Am I saying that a rising tide will lift all boats? I truly hope not. Part of the reason that market sentiment and performance are so weak is that for some reason companies like Pets.com (Nasdaq: IPET)and DrKoop.com (Nasdaq: KOOP) and even supposed juggernauts like CMGI(Nasdaq: CMGI) were accorded grotesquely high multiples of sales. It was an environment where investors seemed willing to pay Ace of Spades prices for the privilege of owning the Three of Clubs. (I still think Amazon.com is a "face card" business, even though it's not yet profitable, but of all my companies that's the one with highest risk -- though with incredibly high brand recognition.) Again, I truly hope that the market (that's all of us) has learned not to overvalue third-tier players come the next market recovery.

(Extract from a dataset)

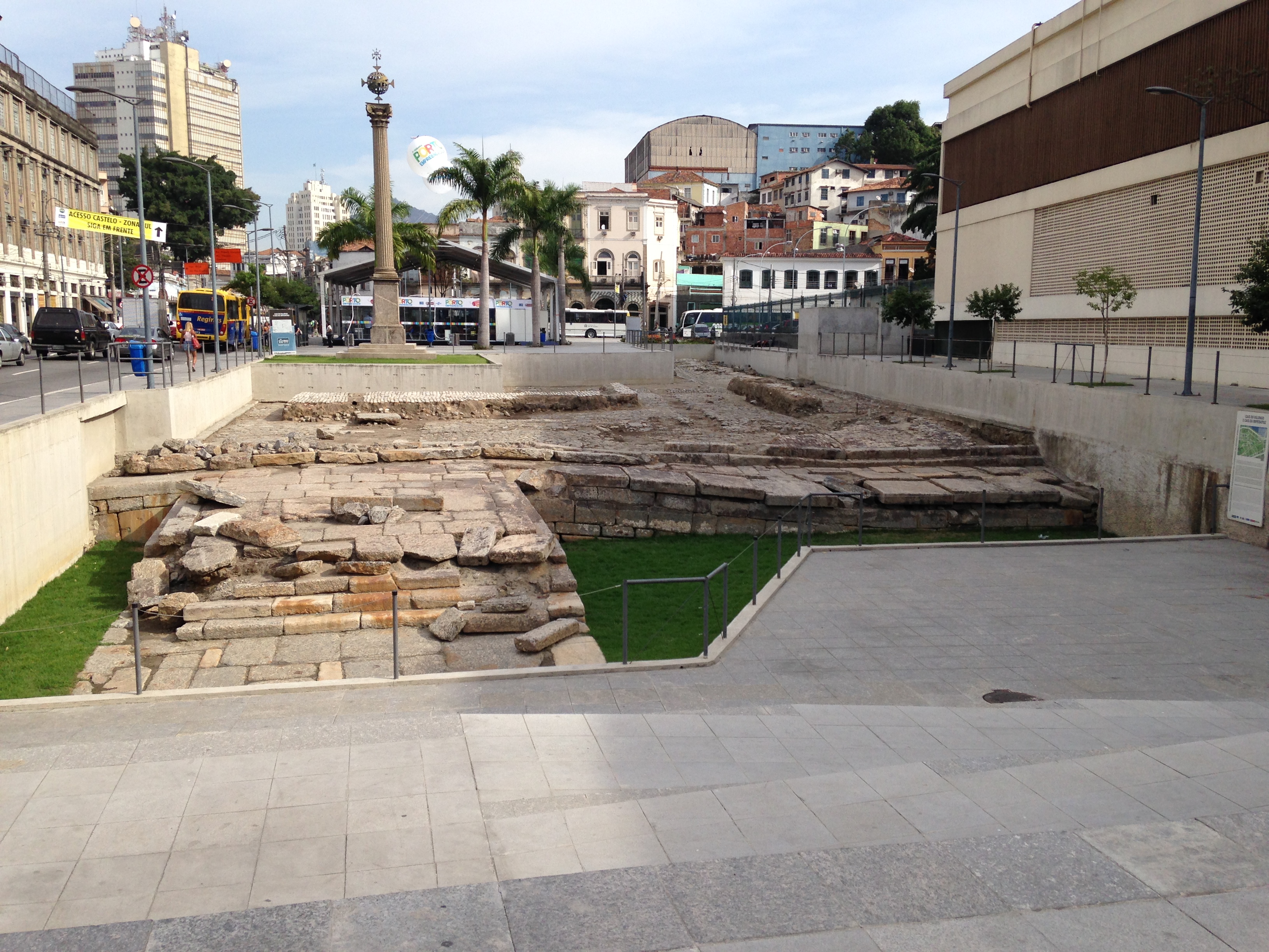 When the royal family moved here, they settled near this port and decided to move the slave trade a few blocks away to Volongo. Volongo became the largest port in the Americas for receiving slaves from Africa – sort of an Ellis Island for slavery. (In addition to African slaves, the Portuguese also tried enslaving the native “Indians” and also imported Japanese slaves, with limited success). This important archaeological artifact was buried under to build new port facilities sometime in the 19th century, and was only re-discovered in 2011. Here are some photos of the first excavation.

But the world's most promising companies are now on sale, with 60% cut-rate prices from what we saw just a year ago. That is a cause for optimism, not "blood on the streets" analogies and fear mongering. My own pet project is our coming Rule Breaker seminar, where I look forward to working with many of you to find the Breakers, eschew the Fakers, and fulfill our Motley Fool aim of Learning Together.

I look forward to many more great years to invest, and wish you the very best with all your investing. I hope The Motley Fool will be increasingly relevant and helpful to you with all your financial needs. To all of you and yours, a very Happy New Year!